DAVID BAGSBY is a Cherokee musician
now residing in Kansas City.
He studied jazz under Stanley Jordan, but jazz
is only one component of his music - he is
incorporating many elements of symphonic
progressive rock, as well as acoustic/ethnical
elements, and a plethora of analytical
in-depth approach, such are Euclidean
Space and and alternative tunings.
In addition to his eclectic musical approach,
he's also involved in photography
and film making.
Bagsby stated that his goal is to became
a Rube Goldberg of Rock.
David Bagsby is a name most prog listeners
should know but probably don't, and is the kind
of musician that won't be appreciated or even
recognized for years, maybe decades.
But that's okay; he's been making great stuff for
a long time, prolifically self-releasing it through
his own Kansas-based company and guesting
on all sorts of cool projects from Ron Jarzombek's
Spastic Ink to joint efforts with friend Kurt Rongey.
A sort of postmodern mad scientist with enough
ideas & vision to fill up a lifetime, Bagsby tends
to do what Zappa might've done had he not gotten
so big, and tickles the funnybone with a neat mix
of humor and dead serious compositional journeys.
And thanks to guys like Fred Trafton over at the GEPR,
David Bagsby has been getting some much deserved
notice in Prog circles.
This, his 1999 release Transphoria, is a good starting
place for the proghead who may be understandably
wary of dropping some bucks on Bagsby's brand
of art music.
After several emails with Mr. Bagsby, I learned almost
everything here is produced on keys as on the huge,
scorching opener 'Esotericity' followed-up perfectly
with 7-minute 'AVN'.
Bagsby's work is that of a man dying to create but
barely knowing where to begin, so overwhelmed by
his own skill and muses that it's all he can do to sit
down and play it without being crushed by an
insatiable lust for all of musical history.
But somehow he gets it done, and this CD
is one of his best.
'Lyra' and 'Vista del Mars' are slow and probably
unnecessary but the New Agey title cut redeems,
dealing out killer Prog stylings evoking Keith Emerson,
Frank Zappa, and of course Raymond Scott.
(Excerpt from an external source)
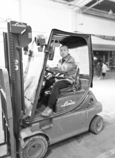 馬曉峰駕駛叉車搬運(yùn)圖書(shū)。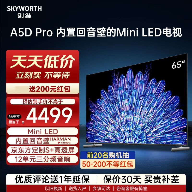 创维(Skyworth)电视65A5D Pro 65英寸 内置回音壁的Mini LED S+高透屏 144Hz高刷 4+64GB 4K高清语音屏电视价格:4299.00元!

Epic 14-minute 'Where Reason Stops' centers
the album around Bagsby's highly eclectic style
and brings together the full gamut of his influences
from Electronic to Fusion, New Age to Old World,
Prog to Pop, and 'Stranglefsky' ends on a bit of jazz
Fellow midwesterner Wilhelm Murg says of Bagsby,
"He creates a tightly woven schizophrenic blend of
experimental art and pop culture that developed in
isolation out here in the plains.
The images of Caruso visiting the oilfields, Bob Wills
playing Hawaiian music in the shadows of our gothic,
art deco cityscape, Gary Busey hot rodding across town
on Route 66, and Oral Roberts having visions of a 900
foot Jesus, are all summed up in Bagsby's compositions.".